====== Supplied records ======
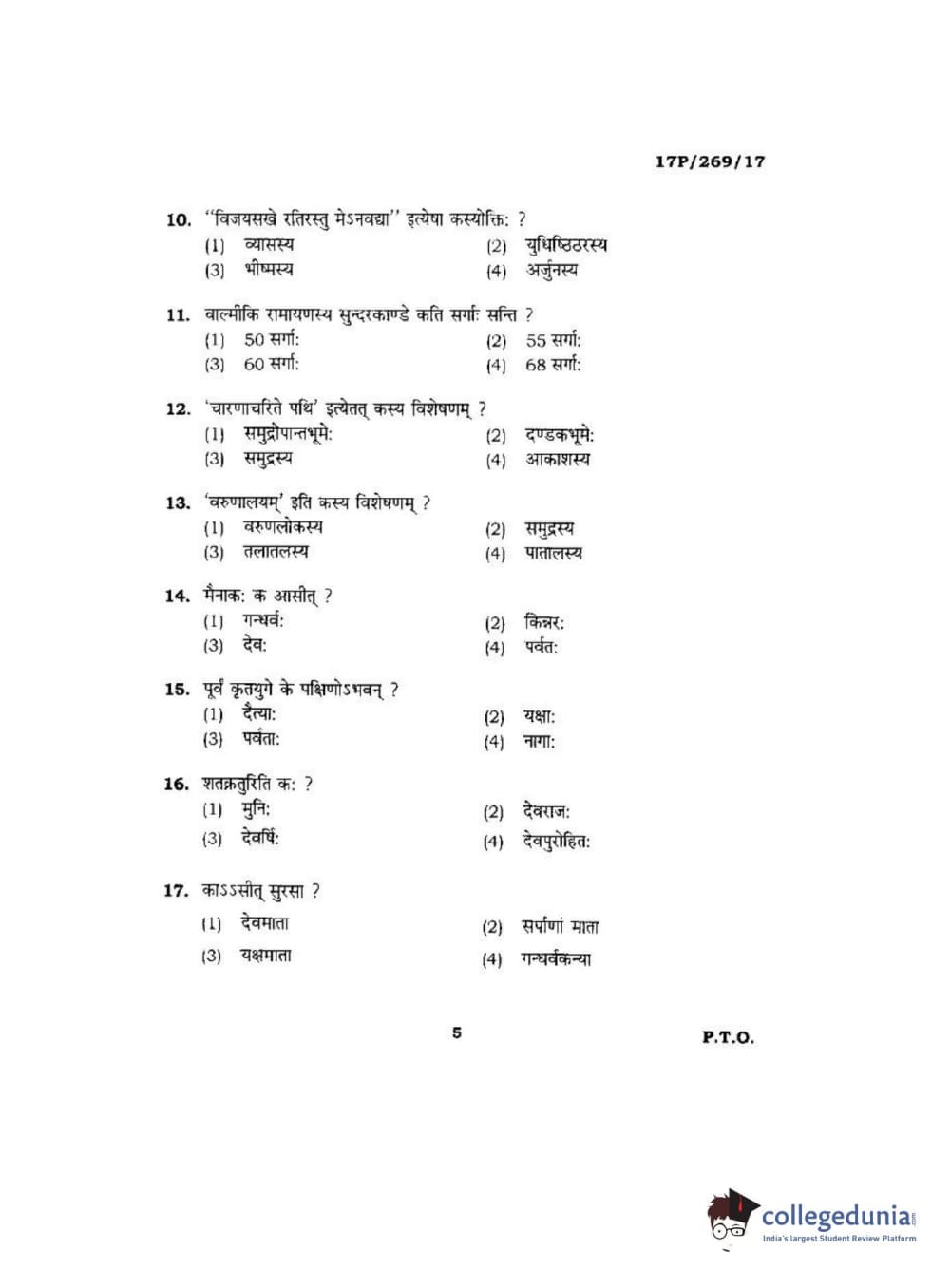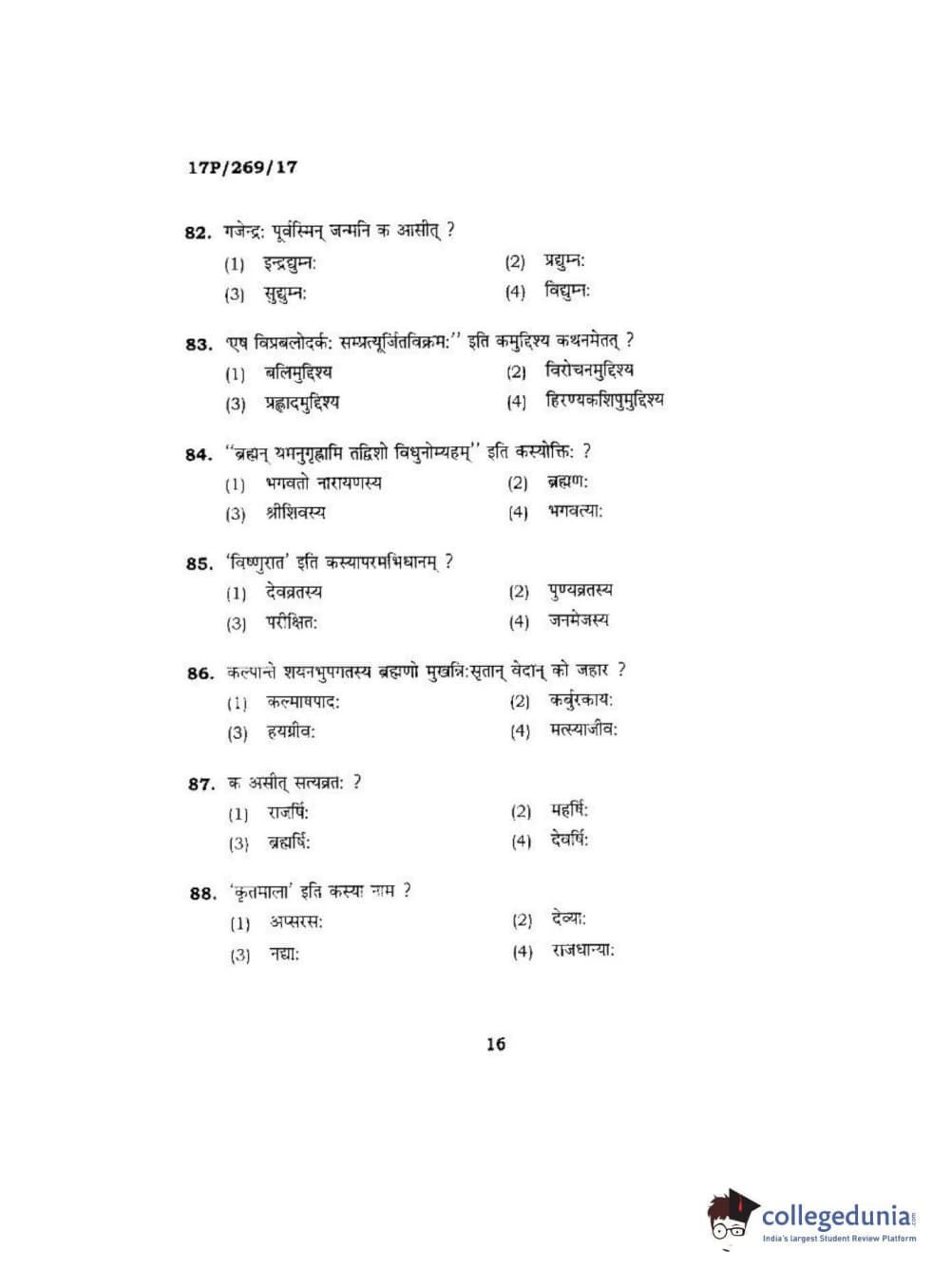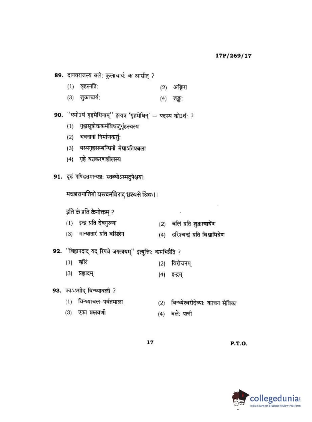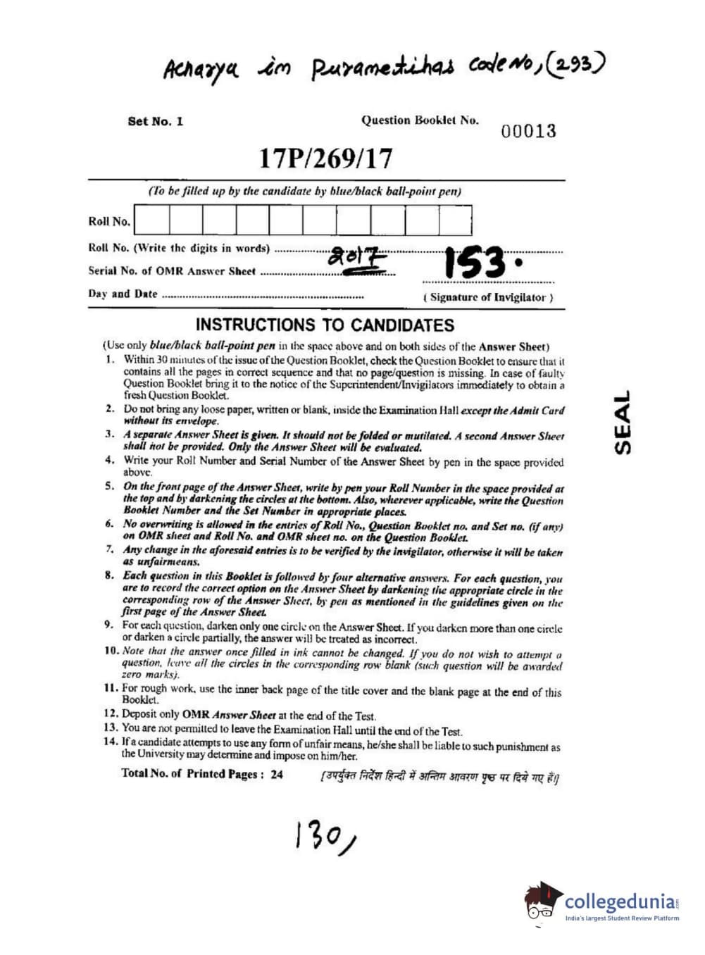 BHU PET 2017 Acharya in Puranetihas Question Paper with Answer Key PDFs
======
====== Supplied records ======
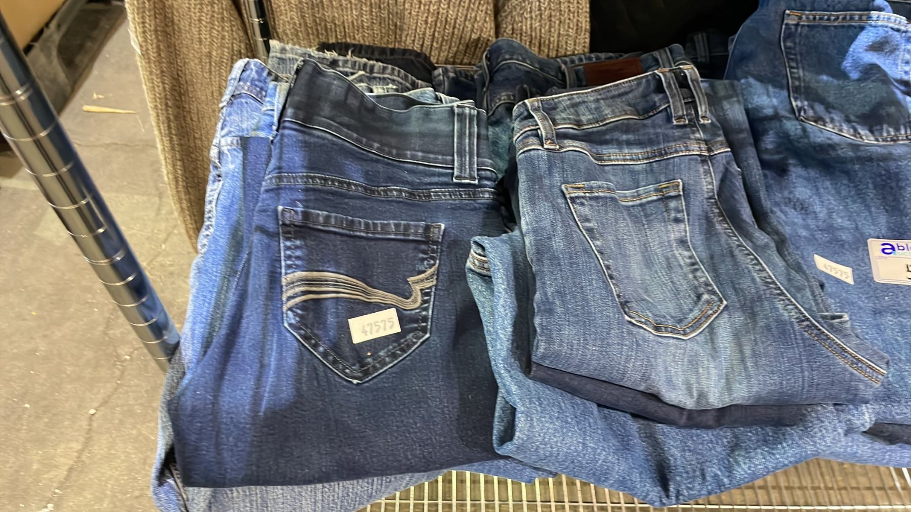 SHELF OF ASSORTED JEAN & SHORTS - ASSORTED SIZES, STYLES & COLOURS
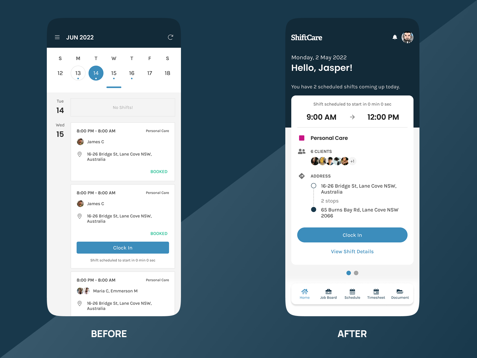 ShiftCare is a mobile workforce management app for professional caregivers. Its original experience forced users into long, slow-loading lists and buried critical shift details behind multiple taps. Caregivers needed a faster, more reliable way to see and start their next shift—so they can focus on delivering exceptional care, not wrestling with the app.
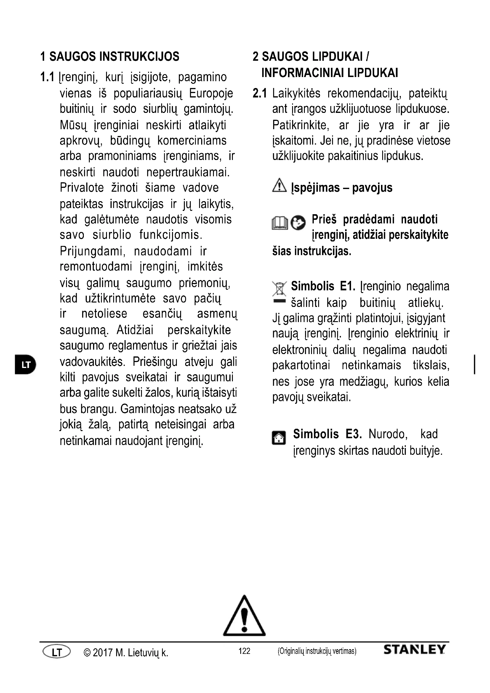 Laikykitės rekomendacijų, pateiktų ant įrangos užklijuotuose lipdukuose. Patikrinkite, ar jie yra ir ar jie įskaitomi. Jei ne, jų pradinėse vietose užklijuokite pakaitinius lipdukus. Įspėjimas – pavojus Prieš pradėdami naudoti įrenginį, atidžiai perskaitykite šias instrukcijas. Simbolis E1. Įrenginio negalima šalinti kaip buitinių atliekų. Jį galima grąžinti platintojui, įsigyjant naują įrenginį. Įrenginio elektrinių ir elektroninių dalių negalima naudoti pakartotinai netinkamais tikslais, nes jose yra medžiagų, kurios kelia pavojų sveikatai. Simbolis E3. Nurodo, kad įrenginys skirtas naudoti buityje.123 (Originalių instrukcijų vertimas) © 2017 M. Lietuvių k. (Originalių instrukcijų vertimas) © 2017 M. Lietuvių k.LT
======
====== Supplied records ======
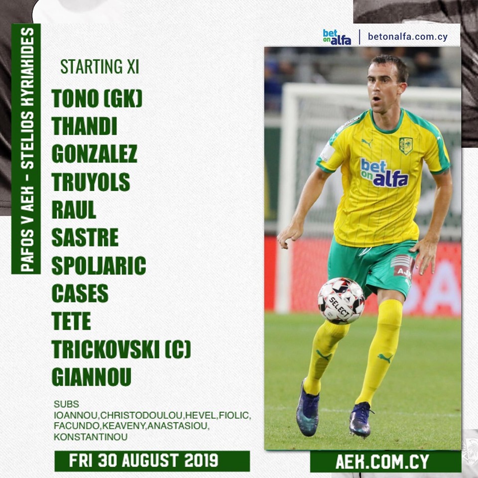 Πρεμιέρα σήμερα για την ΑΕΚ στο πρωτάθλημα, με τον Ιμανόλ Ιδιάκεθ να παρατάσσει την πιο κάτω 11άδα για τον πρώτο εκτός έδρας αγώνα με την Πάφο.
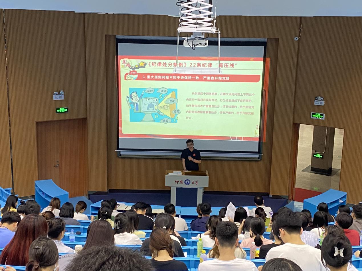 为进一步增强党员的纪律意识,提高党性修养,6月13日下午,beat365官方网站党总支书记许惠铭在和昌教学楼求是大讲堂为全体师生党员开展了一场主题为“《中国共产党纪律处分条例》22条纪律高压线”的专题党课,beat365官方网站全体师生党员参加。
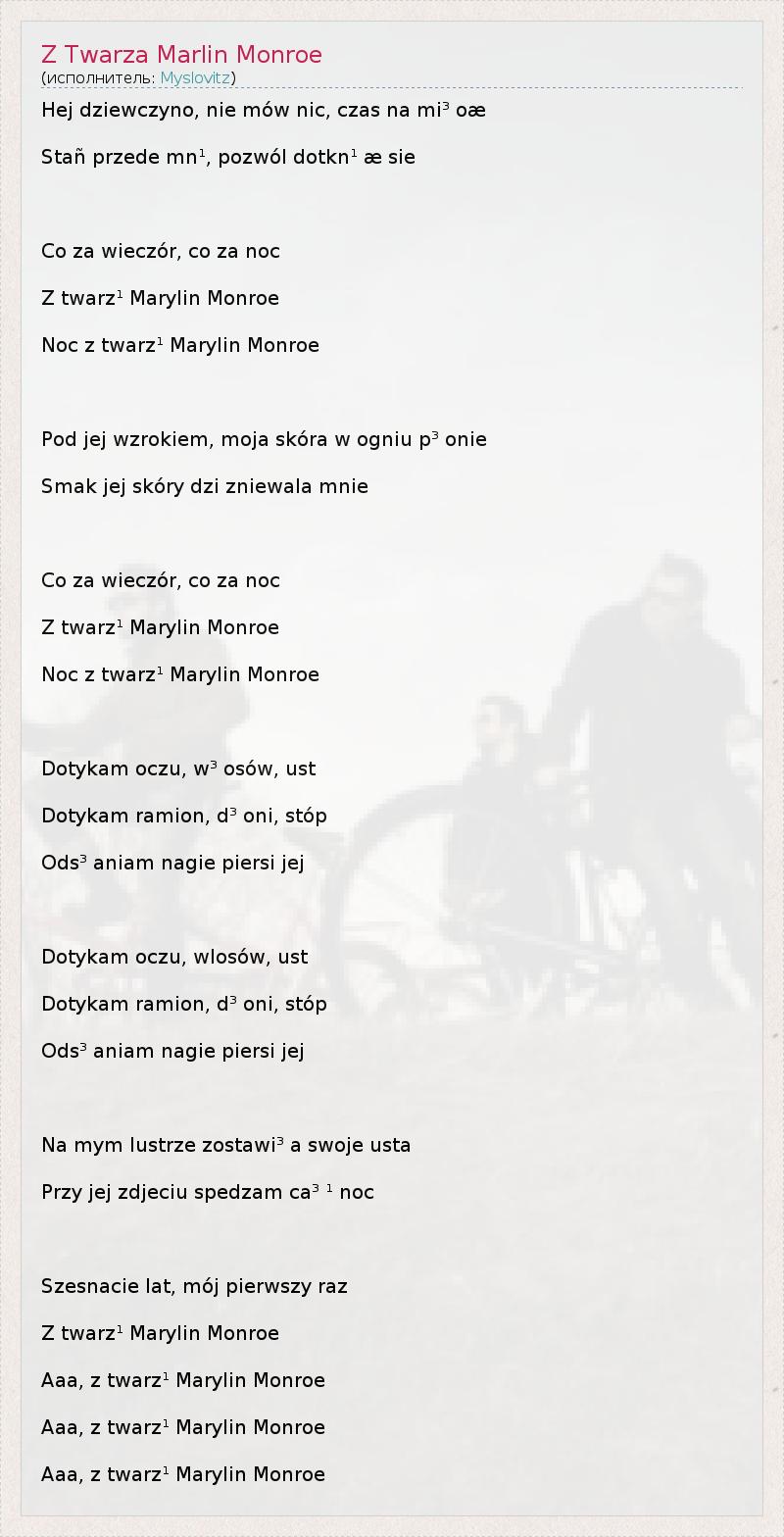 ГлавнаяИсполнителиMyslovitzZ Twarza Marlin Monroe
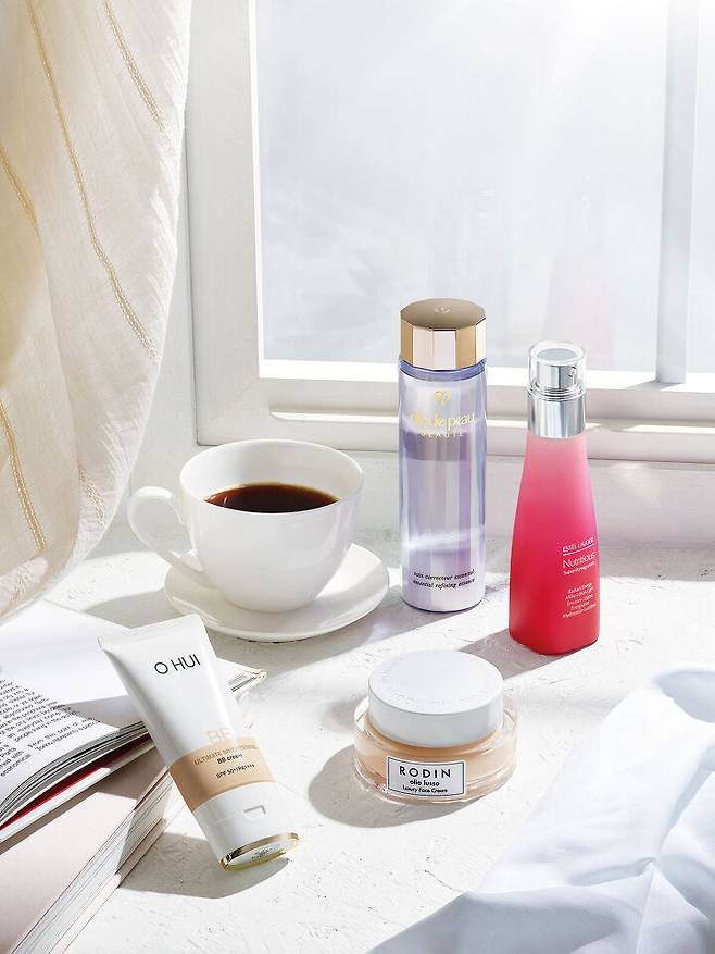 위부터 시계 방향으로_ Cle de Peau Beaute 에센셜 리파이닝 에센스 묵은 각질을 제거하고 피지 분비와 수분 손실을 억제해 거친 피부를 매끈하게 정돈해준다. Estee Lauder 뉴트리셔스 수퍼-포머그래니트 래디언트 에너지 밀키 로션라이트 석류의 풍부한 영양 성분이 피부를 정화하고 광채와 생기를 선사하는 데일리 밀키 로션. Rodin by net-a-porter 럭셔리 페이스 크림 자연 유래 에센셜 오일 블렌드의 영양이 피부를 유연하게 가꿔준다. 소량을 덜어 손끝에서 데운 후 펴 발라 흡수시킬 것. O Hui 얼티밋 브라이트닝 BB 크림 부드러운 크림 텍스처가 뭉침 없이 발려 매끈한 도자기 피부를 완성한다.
======
> _Your assignment_: In the records above, find the line with "为进一步增强党员的纪律意识,提高党性修养". Print exactly from there through the line with "위부터 시계 방향으로_", minus the pictures.

> _Task output_:
 为进一步增强党员的纪律意识,提高党性修养,6月13日下午,beat365官方网站党总支书记许惠铭在和昌教学楼求是大讲堂为全体师生党员开展了一场主题为“《中国共产党纪律处分条例》22条纪律高压线”的专题党课,beat365官方网站全体师生党员参加。
 ГлавнаяИсполнителиMyslovitzZ Twarza Marlin Monroe
 위부터 시계 방향으로_ Cle de Peau Beaute 에센셜 리파이닝 에센스 묵은 각질을 제거하고 피지 분비와 수분 손실을 억제해 거친 피부를 매끈하게 정돈해준다. Estee Lauder 뉴트리셔스 수퍼-포머그래니트 래디언트 에너지 밀키 로션라이트 석류의 풍부한 영양 성분이 피부를 정화하고 광채와 생기를 선사하는 데일리 밀키 로션. Rodin by net-a-porter 럭셔리 페이스 크림 자연 유래 에센셜 오일 블렌드의 영양이 피부를 유연하게 가꿔준다. 소량을 덜어 손끝에서 데운 후 펴 발라 흡수시킬 것. O Hui 얼티밋 브라이트닝 BB 크림 부드러운 크림 텍스처가 뭉침 없이 발려 매끈한 도자기 피부를 완성한다.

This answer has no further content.